Our Lord uses the image of a fig tree in today’s Gospel. They’re pretty resilient: there’s a huge one in the house next door to the Good Shepherd and it’s a right pain, to be honest. Fig trees were pretty common in the world of the Bible, able to sprout up in difficult places. The temptation was surely then that when you saw a fig tree it was someone else’s problem, you wouldn’t necessarily take time to notice what was happening to it. In contrast, Jesus says, “as soon as its twigs grow supple and its leaves come out, you know that summer is near.” Observing what’s happening is important and then taking appropriate action.

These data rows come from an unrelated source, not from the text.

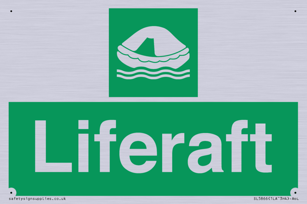 Sign Text: Liferaft Dimensions: 150x100mm Material: Plastic Semi-rigid Silver Orientation: Landscape Text Colour: White Background Colour: Green More...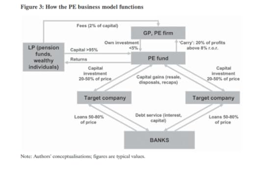 Eventually, the bought company is listed (or re-listed) on the stock exchange or a strategic buyer (normally a company in the same sector or even another PE fund) takes over. So apart from the dividends in sweating the company for three years or so, it can be sold at as a capital gain. In doing so, the PE fund also charges the company consultancy and management fees for the sale! So this PE model tries to maximise the surplus value out of company workforce, raises more debt to do so and extracts the maximum return in dividend profits, while reducing productive investment costs to the minimum.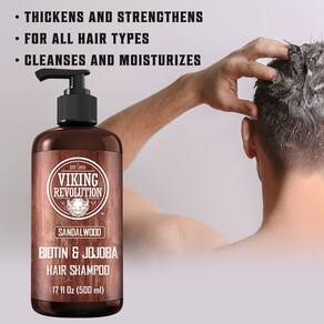 Viking Revolution Xampu masculino de sândalo com biotina e óleo de jojoba – xampu masculino natural para cabelos com vitamina B5 – xampu para queda de cabelo masculino para queda de cabelo (500 ml)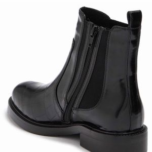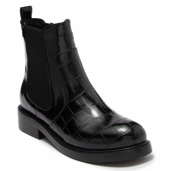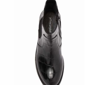 Jeffrey Campbell Lomon Croc Embossed Low Heel Leather Black Ankle Chelsea Boots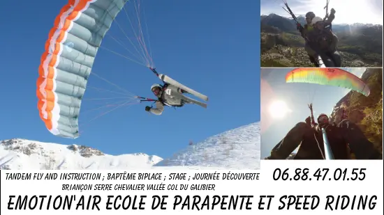 Open all year round for lessons: paragliding, speed flying, parakite, monosurface, winch, SIV in the off-season at Lake Serre Ponçon, speed riding and parakite in winter at Serre Chevalier and Col du Lautaret.

One of the failures in the early twentieth century - and isn’t hindsight a wonderful thing?! - was to see that the alliances that European countries formed meant that they were in blocs and so it was sort of inevitable that a little spark would set off a huge conflict. Similarly, the punishment of Germany after World War I also was guaranteed to stoke up enough resentment within one of the major European powers to make the rise of Fascism and World War II almost only a matter of time. I’m not sure to be honest whether people at the time could perceive this or not.
That’s not meant to be an interesting introduction to the causes of the two World Wars, interesting essays though they would be, but rather an invitation to us all to look at our lives and see where there are obvious consequences to our actions: “If I do not live in in love and charity with this person that person will be effected in such a way … I will not fulfil my obligation to them but this will have a consequence on me… If I do not attend Mass … I will be isolated from God.” This is the lesson of the fig tree: to ponder our life and see the consequences of our actions. What do you need to change in your life? What consequences have you not really taken in to account?
One of my favourite hymns for Remembrance Sunday is “I vow to thee my country.” Unfortunately some within the church have shunned it as jingoistic and some have even banned it from worship believing it to encourage unhealthy nationalism. It’s their loss as far as I am concerned. The beauty of the words by Sir Cecil Rice comes only in the second verse which starts boldly full of hope, “And there’s another country I’ve heard of long ago.” “We may not count her armies, we may not see her king, her fortress is a faithful heart, her pride is suffering.” Utterly glorious and a wonderful reminder of our own vocation. There is another country where there is no war: it’s God’s kingdom and through our decisions day by day we can decide whether we’re working towards that Kingdom or not. Amen.